HARPERS FERRY, W.Va. - Kayaking on the Shenandoah and Potomac rivers around Harpers Ferry on Sunday, pals Mike Moore and Carolyn Dick found lots of company in the unseasonably low water.

"There were tons - rafters, tubers, kayakers," said Moore, 31, of Hagerstown, who met Dick, 35, of Washington, D.C., on an earlier outing in the same area.

--cont from news--

Both trained in river rescue, they said they were glad to see most fellow boaters donning life jackets.

Even when the water is very low, it still holds the potential for danger, said Dick, who said she and Moore carried a range of safety gear in addition to their required life jackets and helmets.

Luckily, they said, they had no occasion to use their rescue equipment and expertise.

While rainy weather cut the number of boaters taking to the water during parts of the Fourth of July weekend, the Potomac and Shenandoah rivers were still teeming with motorcraft, keeping authorities busy checking on their safety.


No boating accidents were reported in local waters over the weekend, according to law enforcement officers and emergency services dispatchers.

Though they have no jurisdiction on the rivers, park rangers patroled the riverbanks at Harpers Ferry National Historical Park and kept a watchful eye for boating regulation violators, according to a park ranger with the National Park Service there.

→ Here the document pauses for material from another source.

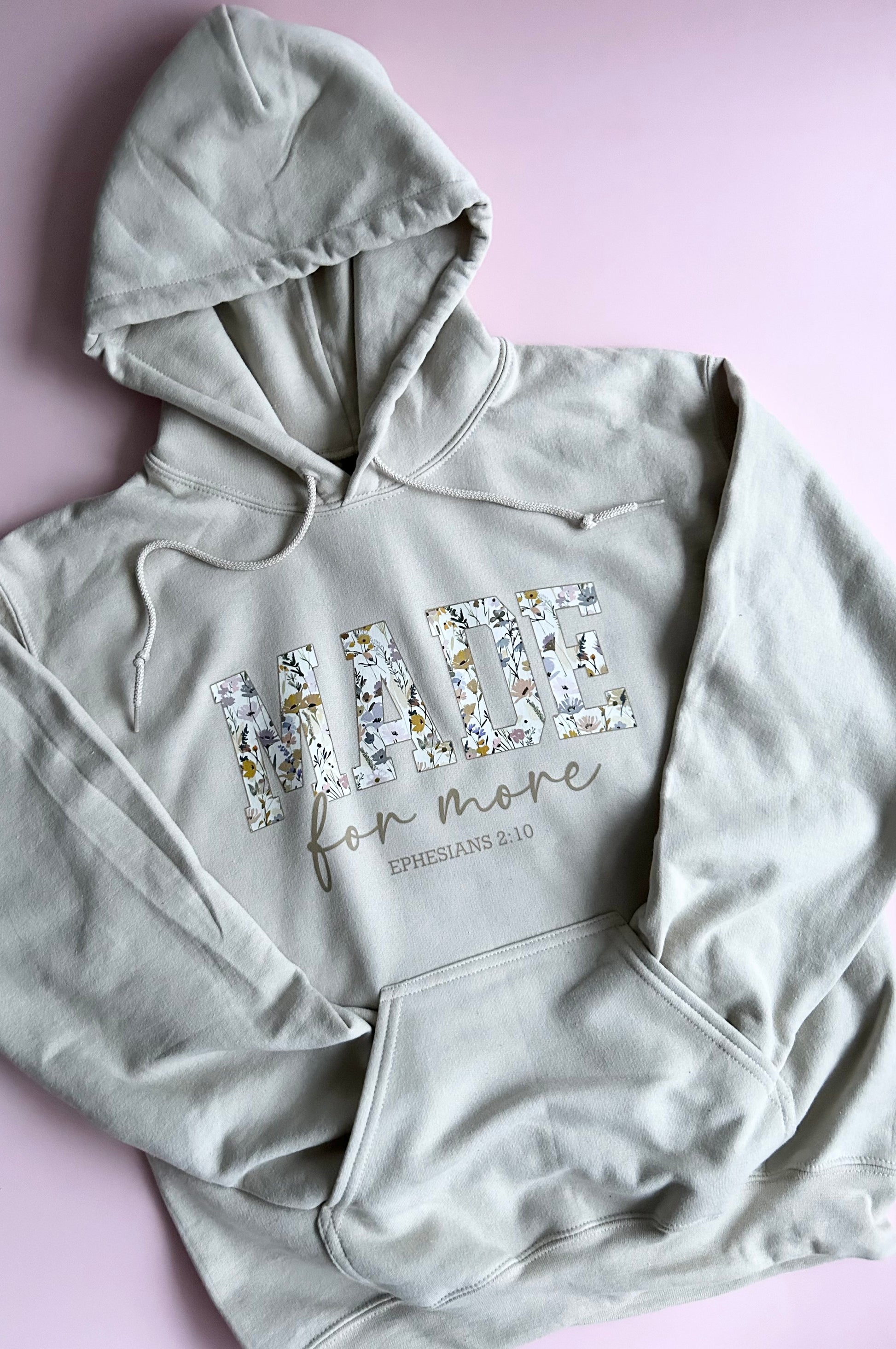 Our "Made for More" hoodie is more than just a cozy layer; it’s a statement of identity. Designed for those who seek beauty in the everyday, this piece combines a powerful message with a soft, nature-inspired aesthetic.

"Fortunately, we haven't had any difficulties this year," said the ranger, who said the number of "educational contacts" rangers needed to make with boaters violating various park and state regulations was also down for a holiday weekend.

The rainy weather helped by the keeping volume of boaters below the swell, she said.

Still, rangers saw a lot of boaters with alcohol, a no-no when it comes to safe boating and a potential violation of the law if it's consumed by the boat's driver, the ranger said.

Boating-related fatalities now rank second to car crashes in transportation-related deaths in the United States, according to the West Virginia Division of Natural Resources.

In 1997, four people were killed and 22 were injured in boating accidents in West Virginia, according to the agency's statistics.

Drinking and boating kills more people during the Fourth of July weekend than during any other weekend of the year, according to Sgt. Tim Coleman of the agency's Law Enforcement Section.

The movement of the water makes it more difficult to control a boat than a car, which makes it even more dangerous to operate a boat under the influence of alcohol, said Maryland Department of Natural Resources spokeswoman Patty Manown Mash.

"Even a beer slows down your reaction times," said Manown, who said the DNR has been pushing sobriety for boat operators in its safety campaign.

Fourth of July weekend is one of the busiest times for DNR officers, who were out in force patroling the Potomac River over the weekend, Mash said.

The river is especially vulnerable to mishaps in Washington and Frederick counties in Maryland because it is narrow and used for multiple purposes, including leisure pontoon boat cruising, waterskiing and personal watercrafting, she said.

Mash said she wasn't aware of any accidents on that leg of the Potomac over the holiday weekend.

"We're certainly grateful for people using their heads," she said.

Greencastle, Pa., residents Amanda Reed and Jerry Randell said they try to be careful when they go out boating.

They always wear their life jackets and never drink alcohol, said Reed, 28, who said she followed another boating safety rule and told family members where they were going and when they should be back.

Canoeing on the Potomac near Bottom Park in Williamsport, Sunday morning, Reed said they didn't find the water crowded like it was around Harpers Ferry.

Unfortunately, they didn't find many fish either, said Randell, 36.

"They went away for the holiday, I guess," Reed said.